> [AIM OF THE TASK] The answer must consist solely of the line containing "狂飙193码!川E牌照宝马 遵赤高速跑脱12分" and every line after it in the records below, through the last, each reproduced exactly.

[Saved data entries]
..............................

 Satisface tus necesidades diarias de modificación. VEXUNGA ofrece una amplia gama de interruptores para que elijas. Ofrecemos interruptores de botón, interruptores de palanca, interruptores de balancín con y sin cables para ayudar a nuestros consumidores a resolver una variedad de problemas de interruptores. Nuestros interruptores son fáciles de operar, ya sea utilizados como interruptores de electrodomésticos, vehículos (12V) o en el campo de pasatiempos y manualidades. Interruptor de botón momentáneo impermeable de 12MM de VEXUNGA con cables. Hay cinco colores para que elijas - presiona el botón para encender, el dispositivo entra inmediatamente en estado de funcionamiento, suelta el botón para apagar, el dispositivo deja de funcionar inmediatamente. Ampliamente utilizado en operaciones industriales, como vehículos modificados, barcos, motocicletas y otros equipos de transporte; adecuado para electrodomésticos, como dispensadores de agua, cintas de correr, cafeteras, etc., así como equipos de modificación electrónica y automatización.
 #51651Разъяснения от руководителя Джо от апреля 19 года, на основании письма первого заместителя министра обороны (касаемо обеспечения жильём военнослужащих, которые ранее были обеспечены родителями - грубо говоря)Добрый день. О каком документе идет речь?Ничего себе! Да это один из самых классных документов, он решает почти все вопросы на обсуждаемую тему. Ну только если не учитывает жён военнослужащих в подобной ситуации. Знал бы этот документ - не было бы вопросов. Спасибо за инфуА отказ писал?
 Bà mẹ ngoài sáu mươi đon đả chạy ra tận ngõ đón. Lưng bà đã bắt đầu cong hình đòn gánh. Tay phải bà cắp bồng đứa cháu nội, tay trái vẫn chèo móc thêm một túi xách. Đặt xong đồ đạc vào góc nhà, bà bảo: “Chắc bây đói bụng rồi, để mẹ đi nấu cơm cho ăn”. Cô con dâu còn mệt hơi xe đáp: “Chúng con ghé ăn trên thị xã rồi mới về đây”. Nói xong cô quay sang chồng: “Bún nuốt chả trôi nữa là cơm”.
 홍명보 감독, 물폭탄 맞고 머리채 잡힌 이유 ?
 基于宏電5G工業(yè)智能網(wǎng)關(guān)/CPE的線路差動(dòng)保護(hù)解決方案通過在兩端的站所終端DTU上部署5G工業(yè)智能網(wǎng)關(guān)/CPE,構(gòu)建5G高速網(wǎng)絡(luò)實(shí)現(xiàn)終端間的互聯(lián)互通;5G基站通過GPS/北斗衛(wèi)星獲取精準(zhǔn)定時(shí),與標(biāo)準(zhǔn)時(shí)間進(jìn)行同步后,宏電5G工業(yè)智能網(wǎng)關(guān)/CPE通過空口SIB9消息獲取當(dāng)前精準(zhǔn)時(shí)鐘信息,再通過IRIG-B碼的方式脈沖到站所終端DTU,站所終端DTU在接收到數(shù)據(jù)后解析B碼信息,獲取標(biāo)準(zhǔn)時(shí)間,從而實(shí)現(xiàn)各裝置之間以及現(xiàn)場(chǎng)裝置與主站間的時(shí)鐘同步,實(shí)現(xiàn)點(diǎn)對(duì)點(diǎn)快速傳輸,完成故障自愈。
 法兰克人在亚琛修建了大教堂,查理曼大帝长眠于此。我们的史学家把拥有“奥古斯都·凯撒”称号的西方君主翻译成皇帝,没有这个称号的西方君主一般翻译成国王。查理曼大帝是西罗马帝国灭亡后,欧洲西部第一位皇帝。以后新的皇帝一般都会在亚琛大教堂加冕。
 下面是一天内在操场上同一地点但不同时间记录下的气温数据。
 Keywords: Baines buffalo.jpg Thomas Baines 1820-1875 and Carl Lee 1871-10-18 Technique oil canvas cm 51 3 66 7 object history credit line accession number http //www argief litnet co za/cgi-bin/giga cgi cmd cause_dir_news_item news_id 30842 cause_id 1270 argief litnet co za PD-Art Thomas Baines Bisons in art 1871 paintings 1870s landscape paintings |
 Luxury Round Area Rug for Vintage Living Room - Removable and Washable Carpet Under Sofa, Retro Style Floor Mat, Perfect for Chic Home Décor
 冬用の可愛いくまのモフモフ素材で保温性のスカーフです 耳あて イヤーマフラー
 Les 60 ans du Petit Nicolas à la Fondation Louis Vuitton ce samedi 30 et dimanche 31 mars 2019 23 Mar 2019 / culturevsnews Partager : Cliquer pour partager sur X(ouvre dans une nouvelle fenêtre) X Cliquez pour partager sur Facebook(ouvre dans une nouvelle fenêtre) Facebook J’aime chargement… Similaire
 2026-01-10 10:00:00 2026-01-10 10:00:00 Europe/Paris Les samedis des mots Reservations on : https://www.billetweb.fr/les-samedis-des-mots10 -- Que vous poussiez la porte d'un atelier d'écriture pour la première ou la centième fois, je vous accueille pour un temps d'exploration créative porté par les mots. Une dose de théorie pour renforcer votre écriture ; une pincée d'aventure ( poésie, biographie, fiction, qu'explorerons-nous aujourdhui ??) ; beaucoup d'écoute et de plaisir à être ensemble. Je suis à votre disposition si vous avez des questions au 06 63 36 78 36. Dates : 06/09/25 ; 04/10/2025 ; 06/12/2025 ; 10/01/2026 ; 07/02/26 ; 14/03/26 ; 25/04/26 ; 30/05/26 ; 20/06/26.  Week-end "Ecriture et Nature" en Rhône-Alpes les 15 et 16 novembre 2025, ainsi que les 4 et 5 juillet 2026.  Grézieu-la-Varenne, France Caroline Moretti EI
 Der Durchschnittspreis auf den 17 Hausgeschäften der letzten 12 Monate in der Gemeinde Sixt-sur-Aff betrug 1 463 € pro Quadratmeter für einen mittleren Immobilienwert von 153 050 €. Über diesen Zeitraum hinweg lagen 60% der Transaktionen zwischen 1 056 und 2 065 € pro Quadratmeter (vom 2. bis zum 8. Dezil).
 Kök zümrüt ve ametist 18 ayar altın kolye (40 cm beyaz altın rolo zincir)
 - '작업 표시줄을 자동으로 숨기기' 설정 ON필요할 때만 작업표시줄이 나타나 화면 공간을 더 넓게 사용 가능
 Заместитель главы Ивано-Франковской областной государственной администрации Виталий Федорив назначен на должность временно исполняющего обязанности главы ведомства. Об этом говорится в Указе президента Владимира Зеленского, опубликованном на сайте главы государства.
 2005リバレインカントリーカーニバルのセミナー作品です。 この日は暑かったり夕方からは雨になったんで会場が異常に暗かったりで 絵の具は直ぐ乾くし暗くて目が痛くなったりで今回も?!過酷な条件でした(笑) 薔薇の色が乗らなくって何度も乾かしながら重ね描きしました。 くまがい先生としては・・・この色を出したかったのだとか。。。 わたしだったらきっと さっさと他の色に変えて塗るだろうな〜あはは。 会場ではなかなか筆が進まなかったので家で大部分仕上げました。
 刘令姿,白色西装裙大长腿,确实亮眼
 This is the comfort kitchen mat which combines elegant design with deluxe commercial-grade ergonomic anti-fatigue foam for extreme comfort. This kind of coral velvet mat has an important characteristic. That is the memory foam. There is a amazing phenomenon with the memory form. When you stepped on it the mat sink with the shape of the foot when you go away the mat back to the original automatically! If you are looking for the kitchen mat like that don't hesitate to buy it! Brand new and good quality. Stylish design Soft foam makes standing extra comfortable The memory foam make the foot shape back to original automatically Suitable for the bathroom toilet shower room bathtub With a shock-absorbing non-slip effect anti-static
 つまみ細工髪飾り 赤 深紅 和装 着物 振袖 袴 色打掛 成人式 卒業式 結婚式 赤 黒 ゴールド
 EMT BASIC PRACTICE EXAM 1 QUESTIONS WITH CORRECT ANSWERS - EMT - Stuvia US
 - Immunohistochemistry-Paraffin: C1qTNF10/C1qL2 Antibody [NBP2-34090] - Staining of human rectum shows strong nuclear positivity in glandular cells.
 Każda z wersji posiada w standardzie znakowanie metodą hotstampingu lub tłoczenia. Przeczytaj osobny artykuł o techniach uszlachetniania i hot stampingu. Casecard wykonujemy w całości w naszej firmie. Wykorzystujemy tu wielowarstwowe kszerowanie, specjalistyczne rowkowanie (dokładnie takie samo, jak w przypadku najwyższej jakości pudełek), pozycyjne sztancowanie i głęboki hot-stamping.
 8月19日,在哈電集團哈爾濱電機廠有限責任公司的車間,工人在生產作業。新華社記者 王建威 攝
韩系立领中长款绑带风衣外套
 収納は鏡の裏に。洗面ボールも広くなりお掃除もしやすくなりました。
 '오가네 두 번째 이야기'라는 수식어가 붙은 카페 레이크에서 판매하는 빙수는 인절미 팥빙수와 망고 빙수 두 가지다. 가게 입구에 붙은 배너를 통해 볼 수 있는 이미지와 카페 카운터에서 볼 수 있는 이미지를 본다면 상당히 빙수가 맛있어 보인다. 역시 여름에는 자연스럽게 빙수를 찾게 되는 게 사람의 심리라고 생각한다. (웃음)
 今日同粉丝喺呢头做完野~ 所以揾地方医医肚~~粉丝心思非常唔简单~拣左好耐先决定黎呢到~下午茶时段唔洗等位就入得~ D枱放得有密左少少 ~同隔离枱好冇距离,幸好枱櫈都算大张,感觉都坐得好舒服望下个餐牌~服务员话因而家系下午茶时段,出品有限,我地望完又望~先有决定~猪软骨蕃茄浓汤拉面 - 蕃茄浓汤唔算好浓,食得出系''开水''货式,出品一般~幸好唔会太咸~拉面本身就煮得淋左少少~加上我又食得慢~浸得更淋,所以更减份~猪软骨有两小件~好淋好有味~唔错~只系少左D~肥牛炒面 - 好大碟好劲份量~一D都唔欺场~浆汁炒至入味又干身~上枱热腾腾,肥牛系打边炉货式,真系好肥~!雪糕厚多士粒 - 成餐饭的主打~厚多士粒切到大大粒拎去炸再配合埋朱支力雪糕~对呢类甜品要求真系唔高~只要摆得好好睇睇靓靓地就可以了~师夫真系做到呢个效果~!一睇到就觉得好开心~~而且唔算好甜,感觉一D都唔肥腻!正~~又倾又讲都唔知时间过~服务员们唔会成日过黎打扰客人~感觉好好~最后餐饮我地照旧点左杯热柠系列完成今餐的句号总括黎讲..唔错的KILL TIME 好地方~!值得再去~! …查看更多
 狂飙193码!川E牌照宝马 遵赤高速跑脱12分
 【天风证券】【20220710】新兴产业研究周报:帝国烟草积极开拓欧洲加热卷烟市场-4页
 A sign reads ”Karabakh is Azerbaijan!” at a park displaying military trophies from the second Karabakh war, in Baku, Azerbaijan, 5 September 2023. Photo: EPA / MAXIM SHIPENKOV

..............................

> [TASK RESULT]
 狂飙193码!川E牌照宝马 遵赤高速跑脱12分
 【天风证券】【20220710】新兴产业研究周报:帝国烟草积极开拓欧洲加热卷烟市场-4页
 A sign reads ”Karabakh is Azerbaijan!” at a park displaying military trophies from the second Karabakh war, in Baku, Azerbaijan, 5 September 2023. Photo: EPA / MAXIM SHIPENKOV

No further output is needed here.